Борис Березовский – юноша – триумфатор Международного конкурса им. Чайковского образца 1990 года, так и не получивший диплома Московской консерватории (педагоги не стали засчитывать золотую медаль конкурса, стойко предъявив претензии к несданным выпускным экзаменам), эмигрировал почти сразу после конкурса в Британию. Поначалу он на своей малой родине, в Москве, появлялся редко. Но уже за последнюю пятилетку нового века Березовский дал в Москве достаточное количество клавирабендов, как сольных, камерных, так и с оркестром. Причем он всегда шел, идет и, очевидно, будет продолжать следовать на поводу у своих интересов. Отказывается играть на «Декабрьских вечерах» в Пушкинском музее, но с удовольствием соглашается проводить камерный фестиваль из сочинений Метнера в залах Гнесинки. С вызовом играет пять фортепианных концертов Бетховена за один вечер и иллюстрирует видеопроекцией «Картинки с выставки» Мусоргского. Неожиданным образом пианист поступил и на этот раз. Березовский, поначалу указавший в своей программе сочинения Шопена и Шумана, вначале отказался от последнего, и рецитал должен был стать монографическим – исключительно из произведений польского романтика. А в конечном итоге исполнил Третью сонату Шопена и прелюдии Рахманинова.

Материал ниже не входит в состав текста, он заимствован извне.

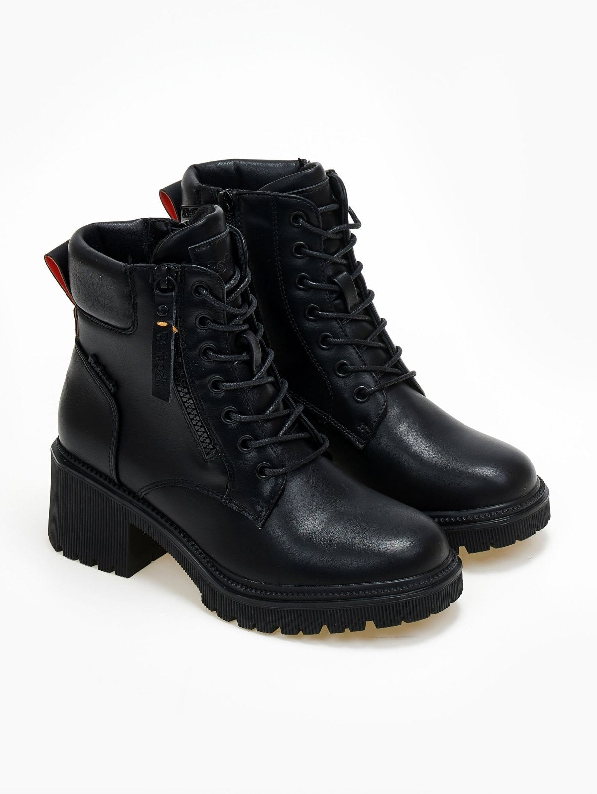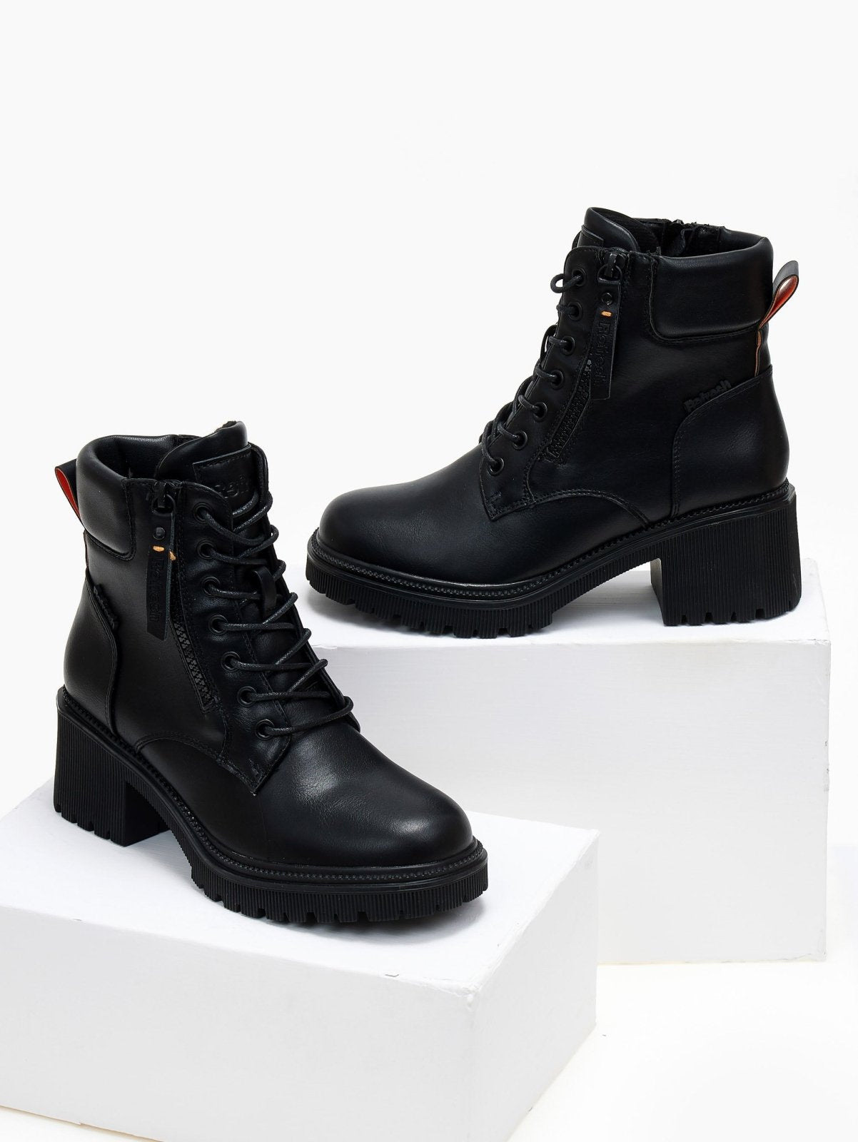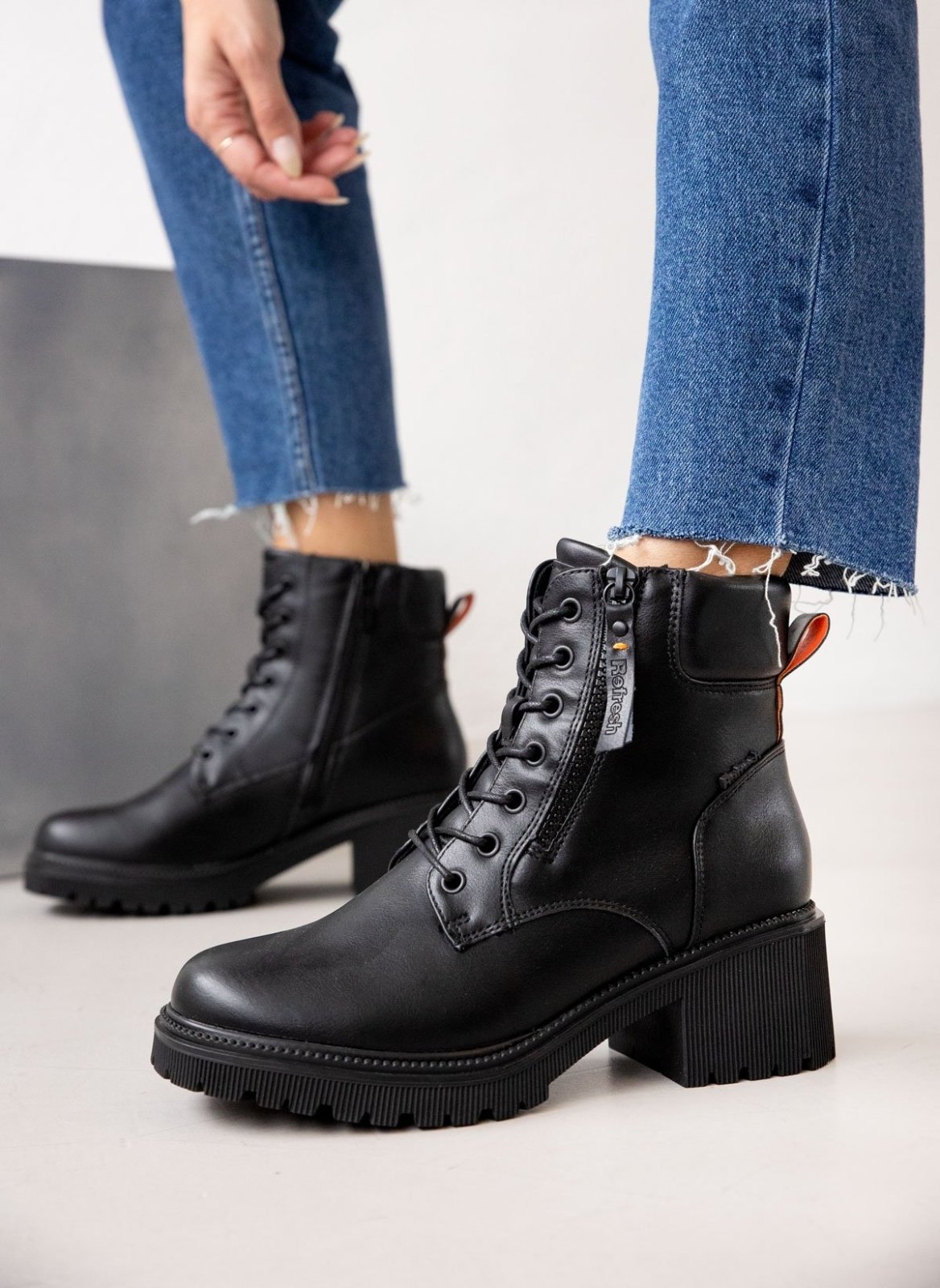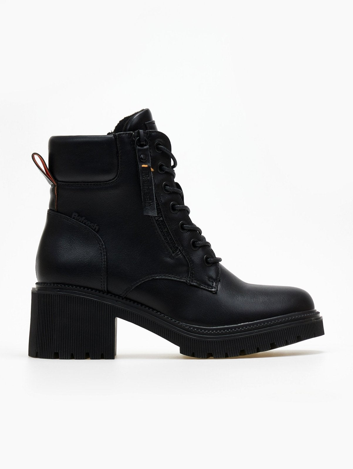 Αρβυλάκια με ιδιαίτερο χοντρό τακούνι Refresh. μαλακή επένδυση στο πίσω μέρος και θηλάκι. Διακοσμητικό φερμουάρ στο πλάι. Στρογγυλή γραμμή. Comfort μαλακός πάτος με memory foam. Εγκρίθηκε η Peta Vegan.

Можно сказать, что концерт стал традиционным для музыканта выступлением. Ведь Березовский – не наглядное пособие для современного студента-пианиста, втайне мечтающего хотя бы о малой части ангажементов из арсенала звезды мирового уровня. В век, когда в исполнительстве дух захватывают технократические темпы и явной доминантой становится визуальная, почти трюкаческая сторона, Березовский не вписывает себя и открещивается от подобных проявлений с аристократическим достоинством.
С роялем Березовский обращается достаточно скупо, не не сухо, чутко, но не чувствительно. Не уходя в эфемерный звуковой мир, свойственный, скажем, Шопену Плетнева, у Березовского, любящего пастельные краски звучания, поразительна общая культура звука. Переслащенный пафос и гнетущая мятежность – частые спутники пианистов при исполнении Третьей сонаты – у Березовского отсутствовали напрочь. Он не погружается в глубины духа, не безоглядничает, не щемит шопеновской гармонической красотой, не умудряет паузами и зависаниями, виртуозностью не кичится. Рояль у него поет, и выделка всех непременных составляющих (от микросхемы нюансов до журчащих пассажей) у него ювелирная. И такое мастерское владение инструментом закрепляет за ним титул пианиста высочайшего класса.

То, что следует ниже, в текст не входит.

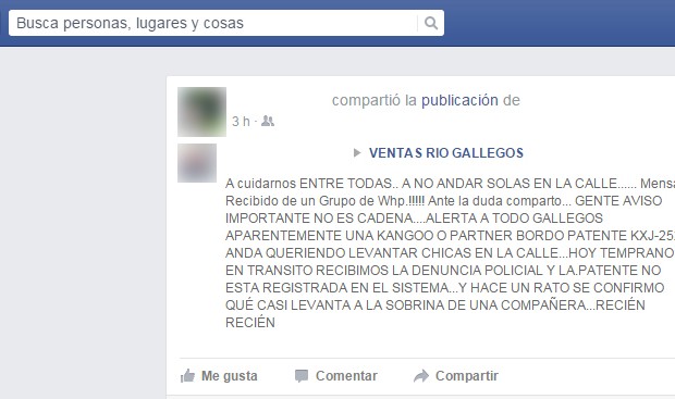 Específicamente estos mensajes aclaran que los siguientes vehículos, un Volkswagen Gol, una Renault Kangoo (bordó) y una Peugeot Partner serían los rodados manejados en los cuales personas no identificadas intentarían “levantar” mujeres que circulan solas en las calles de la ciudad.
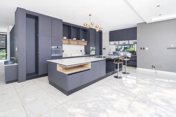 Upstairs, a relaxed pyjama lounge provides a comfortable retreat for the family, while four further en-suite bedrooms - each finished with its own distinct character and private balcony - complete the upper level. The main bedroom is in a class entirely its own. Two additional flexible spaces adjoin it, adaptable as a lounge, study, or personal sanctuary as the mood dictates. A walk-in dressing room of exceptional proportions, a beautifully appointed open-plan bathroom, and a sweeping balcony finished with a section of artificial lawn overlook the canal and the timeless silhouette of the Magaliesberg mountains. It is the kind of main bedroom that redefines what that space can be.
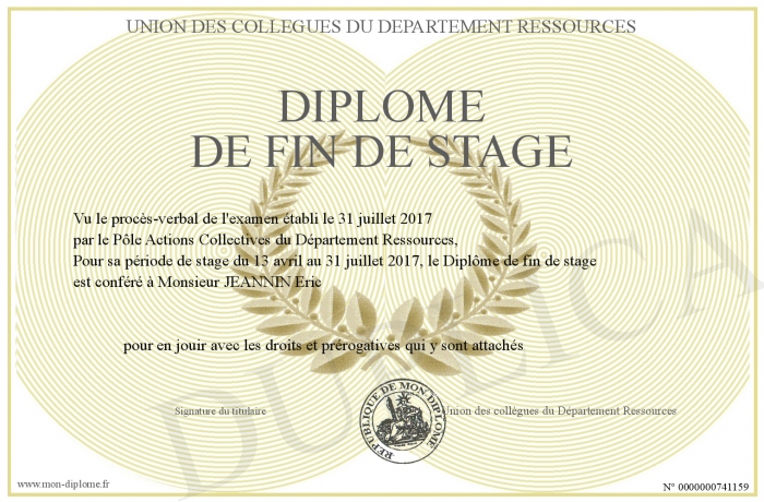 Envoyez par email votre Diplôme de fin de stage personalisé
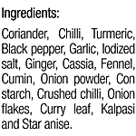 Coriander, Chilli, Turmeric, Fenugreek, Clove, Black Pepper, Garlic, Salt, Ginger, Cassia, Mace and Nutmeg
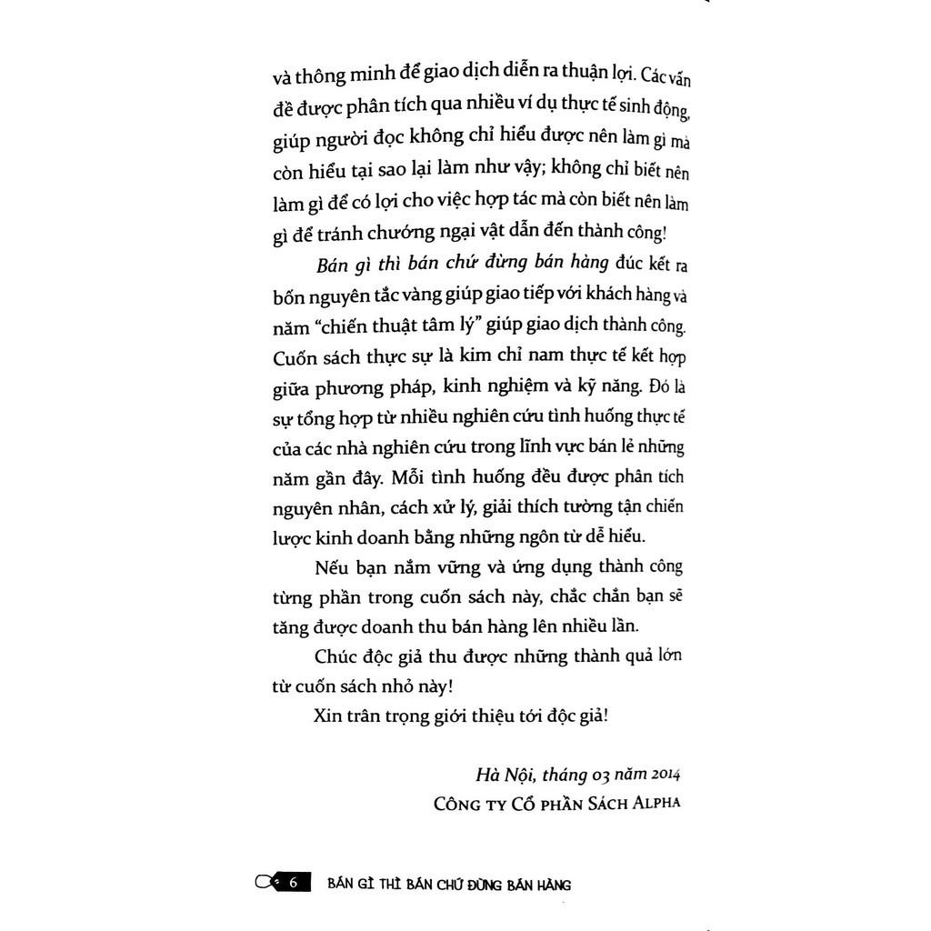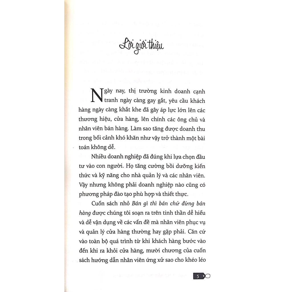 Mua tại TiktokCuốn sách nhỏ Bán gì thì bán chứ đừng bán hàng sẽ là cuốn cẩm nang kinh doanh hướng đến các vấn đề mà nhân viên phục vụ và quản lý cửa hàng thường gặp phải. Cuốn sách được soạn ra trên tinh thần dễ hiểu và dễ vận dụng, bám sát vào quá trình từ khi khách hàng bước vào đến khi ra khỏi cửa hàng.

Что касается прелюдий Рахманинова, сыгранных на одном дыхании, то надо сказать, что здесь Березовский не постеснялся рахманиновской риторики, элегии и мощи. Исполненный на бис Вальс Равеля – действительно трансцендентный виртуозный опус под неофициальным названием «ломка пальцев» – был Березовским исполнен изящно и блестяще.